• The problem:
Copy, word for word, the lines of the listing below from the line with "Amethyst Dangle Earrings" up to and including the line with "Men's black ip". Drop the pictures.

• Excerpted data:

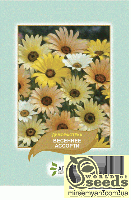 Диморфотека “Весеннее ассорти” - однолетнее растение высотой до 30 см. Соцветия - корзинки различной окраски: оранжевые, желтые, розовые или белые, с бросающими в глаза темным центральным диском. В пасмурную погоду соцветия закрываются. Цветет с июня по сентябрь. Прекрасный цветок для каменистых горок, клумб и оконных контейнеров. Семена сеют в апреле-июне в открытый грунт, или в марте-апреле на рассаду. Рассаду высаживают в открытый грунт в конце мая начало июня. Для продления цветения отцветшие соцветия периодически срезают
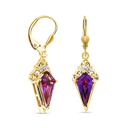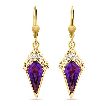 Amethyst Dangle Earrings with Natural Cambodian Zircon in Yellow Gold Plated Sterling Silver 4.08 Ct.
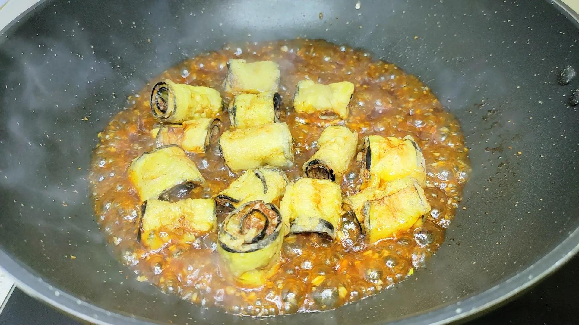 锅中再次加入少许底油,油热之后把蒜末放入锅中,下面开启中小火翻炒一下,把蒜末炸香,一直把蒜末炸到金黄的颜色就可以了,下面把料汁倒入锅中,接着使用铲子翻动一下,把里面的料汁都炒到粘稠的程度就可以了,然后把茄子卷放入锅中,立即开启大火翻炒一下,把茄子都翻炒均匀,一直让茄子都均匀的吸收里面的料汁,这样吃起来会更加的入味,翻炒的时间不用太长,大概翻炒30秒钟左右就可以关火出锅了,下面装入盘中就可以美美的开吃了。
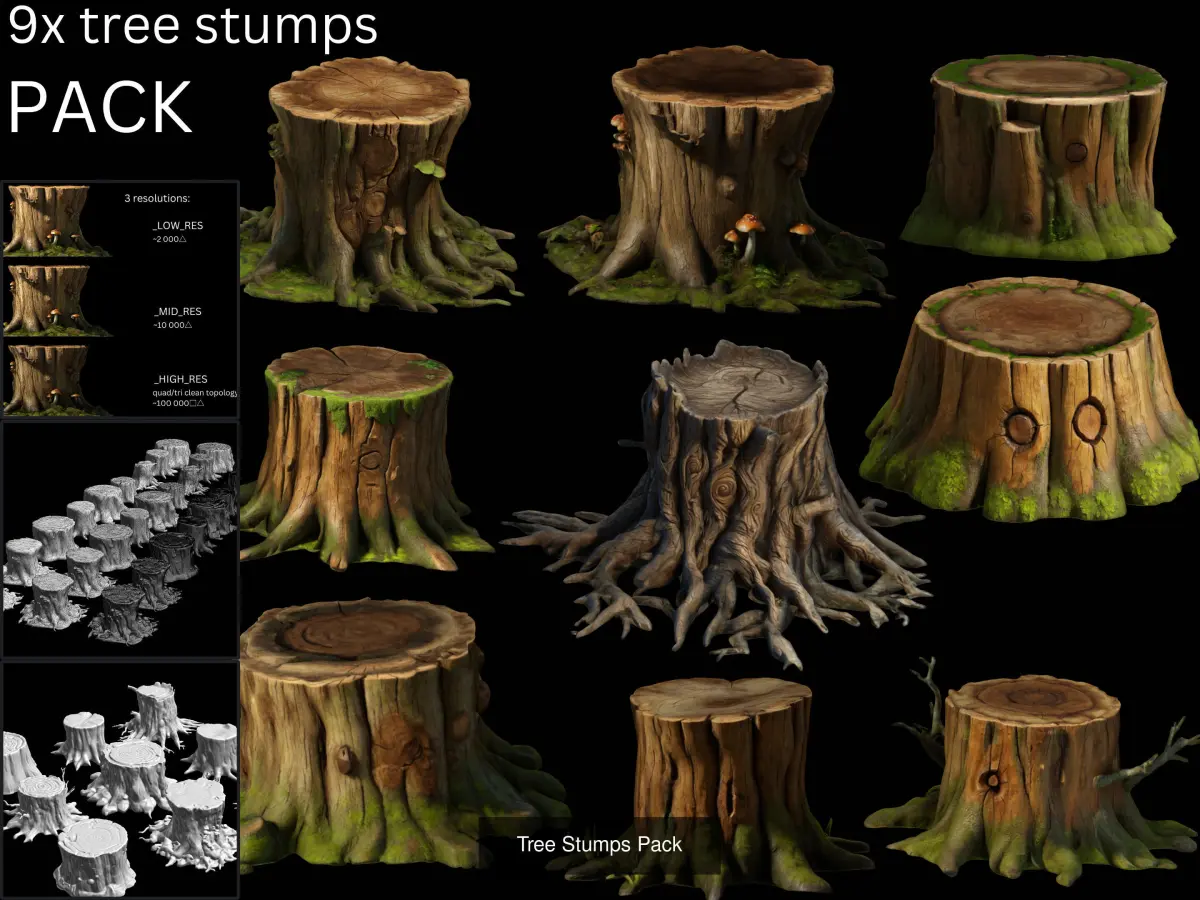 Forest related collection. Includes some mossy trees, stumps, logs, trunks and winter trees.Check collection items invidually. There should be links to each of them in the Contents section near the Model details.
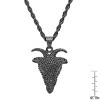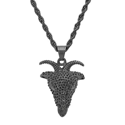 Men's black ip stainless steel and simulated red and red diamonds iced out goat head pendant. Thoughtfully designed for everyday wear and special moments, with a balanced profile that pairs easily with casual layers or evening looks. Each piece is produced with attention to proportion and comfort, emphasizing clean lines and subtle texture so it feels considered without being fussy. Wear it solo as a quiet statement or stack it with favorites to build a look that reflects your mood. Great as a gift or a personal update to your rotation; store in a soft pouch when not in use to help preserve the finish.
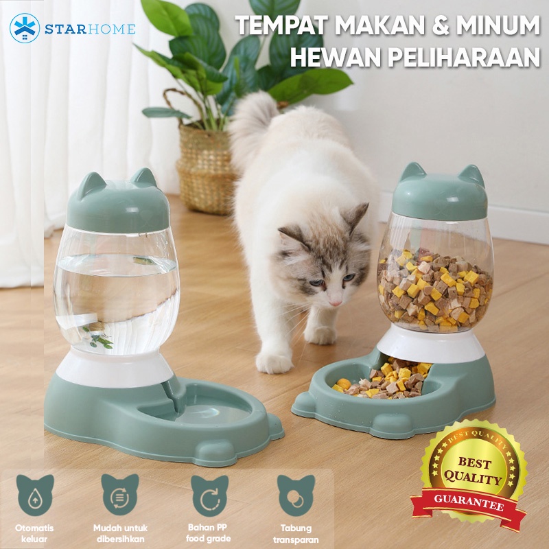 Fitur ⭐ Auto Water Feeder/minum dan auto feeder/makan (Beda fungsi ya) ⭐ Dijual satuan bukan per set ya Ka ⭐ Desain untuk kucing dan anjing ⭐ Ukuran kontainer yang besar 2.2L, cukup 2-3 hari untuk hewan kecil atau medium ⭐ Sistem auto feeding - makanan akan keluar secara otomatis ⭐ Mudah perawatan - Kontainer bisa dicabut dan cuci (tapi jangan isi atau cuci dengan air panas) ⭐ Ada antislip supaya tidak mudah bergeser waktu minum atau makan.

• Finished task:
 Amethyst Dangle Earrings with Natural Cambodian Zircon in Yellow Gold Plated Sterling Silver 4.08 Ct.
 锅中再次加入少许底油,油热之后把蒜末放入锅中,下面开启中小火翻炒一下,把蒜末炸香,一直把蒜末炸到金黄的颜色就可以了,下面把料汁倒入锅中,接着使用铲子翻动一下,把里面的料汁都炒到粘稠的程度就可以了,然后把茄子卷放入锅中,立即开启大火翻炒一下,把茄子都翻炒均匀,一直让茄子都均匀的吸收里面的料汁,这样吃起来会更加的入味,翻炒的时间不用太长,大概翻炒30秒钟左右就可以关火出锅了,下面装入盘中就可以美美的开吃了。
 Forest related collection. Includes some mossy trees, stumps, logs, trunks and winter trees.Check collection items invidually. There should be links to each of them in the Contents section near the Model details.
 Men's black ip stainless steel and simulated red and red diamonds iced out goat head pendant. Thoughtfully designed for everyday wear and special moments, with a balanced profile that pairs easily with casual layers or evening looks. Each piece is produced with attention to proportion and comfort, emphasizing clean lines and subtle texture so it feels considered without being fussy. Wear it solo as a quiet statement or stack it with favorites to build a look that reflects your mood. Great as a gift or a personal update to your rotation; store in a soft pouch when not in use to help preserve the finish.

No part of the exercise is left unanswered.